What is needed :: Pictures are not part of the copy. Set down exactly the lines from the one containing "Tässä putkimarmorilattiavalaisimessa on" through the last line of the material below.

Dataset excerpt ::
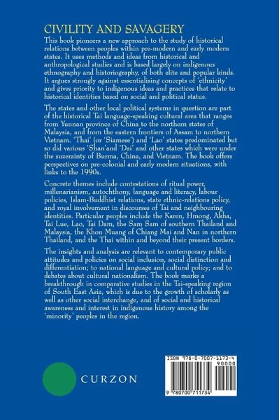 Preface PART I Inter-Ethnic Relations in Tai Political Domains 1. Introduction to Civility and Savagery PART II Internal Histories and Comparisons Introduction 2. The Others Within: Travel and Ethno-Spatial Differentiation of Siamese Subjects 1885-1910 3. The Differential Integration of Hill People into the Thai State 4. Ritual Relations and Identity: Hmong and Others 5. The Politics of Cosmology: An Introduction to Millenarianism and Ethnicity among Highland Minorities of Northern Thailand 6. Akha Internal History: Marginalization and the Ethnic Alliance System PART III Thai-Malay Borderlands Introduction 7. The Historical Development of Thai-Speaking Muslim Communities in Southern Thailand and Northern Malaysia 8. Emergence and Transformation of Peripheral Ethnicity: Sam Sam on the Thai-Malaysian Border PART IV Laos: A Poly-Ethnic State Introduction 9. A Princess in a People's Republic: A New Phase in the Construction of the Lao Nation 10. Nationalities Policy in Modern Laos 11. Tribal Politics in Laos 12. Tai-Ization: Ethnic Change in Northern Indo-China PART V Lanna and Neighbours Introduction 13. Autochthony and the Inthakhin Cult of Chiang Mai 14. Tai Lue of Sipsongpanna and Miiang Nan in the Nineteenth-Century 15. Ethnic Heterogeneity and Elephants in Nineteenth-Century Lanna Statecraft PART VI Postscript 16. A New Stage in Tai Regional Studies: The Challenge of Local Histories
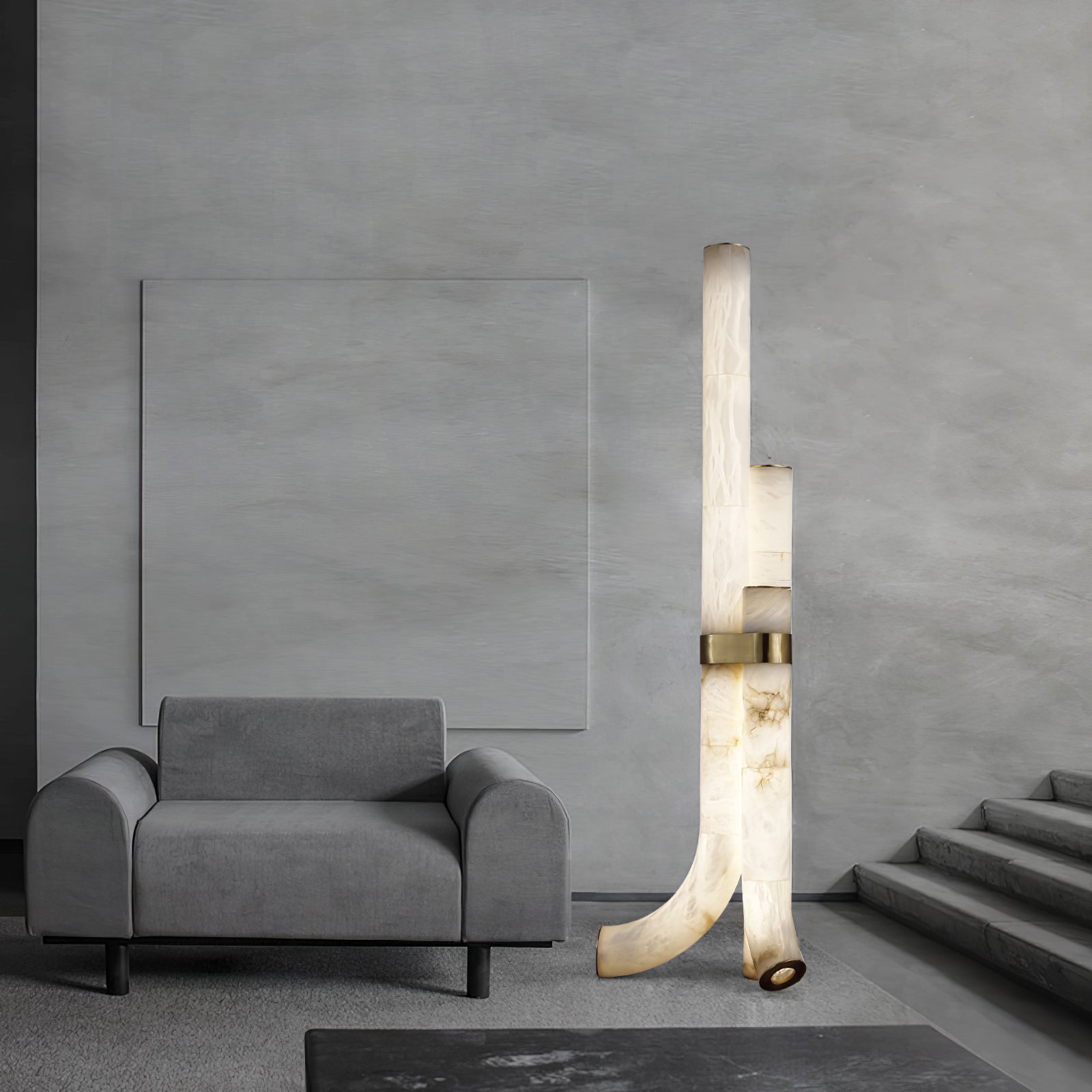 Tässä putkimarmorilattiavalaisimessa on kolme marmoriputkia, jotka on yhdistetty ainutlaatuiseen geometriseen tyyliin modernin, minimalistisen ilmeen saamiseksi. Nauti luonnonkiven kauneudesta, joka on valaistu lämpimällä hehkulla elegantin ja hienostuneen tunnelman luomiseksi.
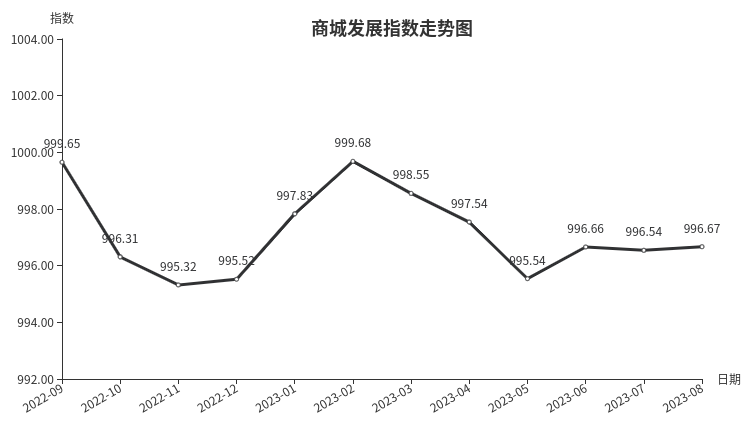 据临沂商城指数系统监测,8月份临沂商城发展指数收于996.67点,环比上涨0.13点,涨幅0.01%。

Exercise answer ::
 Tässä putkimarmorilattiavalaisimessa on kolme marmoriputkia, jotka on yhdistetty ainutlaatuiseen geometriseen tyyliin modernin, minimalistisen ilmeen saamiseksi. Nauti luonnonkiven kauneudesta, joka on valaistu lämpimällä hehkulla elegantin ja hienostuneen tunnelman luomiseksi.
 据临沂商城指数系统监测,8月份临沂商城发展指数收于996.67点,环比上涨0.13点,涨幅0.01%。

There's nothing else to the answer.